Bloomberg | Bloomberg | Getty Images
Meta shares hit a record high on Monday, underscoring investor interest in the company’s new AI superintelligence group.
The company’s shares reached $747.90 during midday trading, topping Meta’s previous stock market record in February when it began laying off the 5% of its workforce that it deemed “low performers.”
Meta joins Microsoft and Nvidia among tech megacaps that have reached new highs of late, all closing at records Monday. Apple, Amazon, Alphabet and Tesla remain below their all-time highs reached late last year or early this year.
Meta CEO Mark Zuckerberg has been on an AI hiring blitz amid fierce competition with rivals such as OpenAI and Google parent Alphabet. Earlier in June, Meta said it would hire Scale AI CEO Alexandr Wang and some of his colleagues as part of a $14.3 billion investment into the executive’s data labeling and annotation startup.
The social media company also hired Nat Friedman and his business partner, Daniel Gross, the chief of Safe Superintelligence, an AI startup with a valuation of $32 billion, CNBC reported on June 19. Meta’s attempts to buy Safe Superintelligence were rebuffed by the startup’s founder and AI expert Ilya Sutskever, the report noted.

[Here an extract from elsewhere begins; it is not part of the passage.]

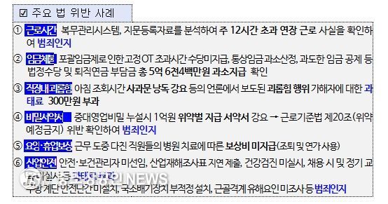 한편, 1~3개월의 단기 근로계약 체결, 휴게시간 중 사업장 이탈 금지 등 자유롭지 못한 휴게 및 휴가 사용 정황, 업무상 실수에도 과도한 시말서 요구 등 조직문화 전반에 대해서도 개선지도 했다.

Wang and Friedman are the leaders of Meta’s new Superintelligence Labs, tasked with overseeing the company’s artificial intelligence foundation models, projects and research, a person familiar with the matter told CNBC. The term superintelligence refers to technology that exceeds human capability.
Bloomberg News first reported about the new superintelligence unit.
Meta has also snatched AI researchers from OpenAI. Sam Altman, OpenAI’s CEO, said during a podcast that Meta was offering signing bonuses as high as $100 million.
Andrew Bosworth, Meta’s technology chief, spoke about the social media company’s AI hiring spree during a June 20 interview with CNBC’s “Closing Bell Overtime,” saying that the talent market is “really incredible and kind of unprecedented in my 20-year career as a technology executive.”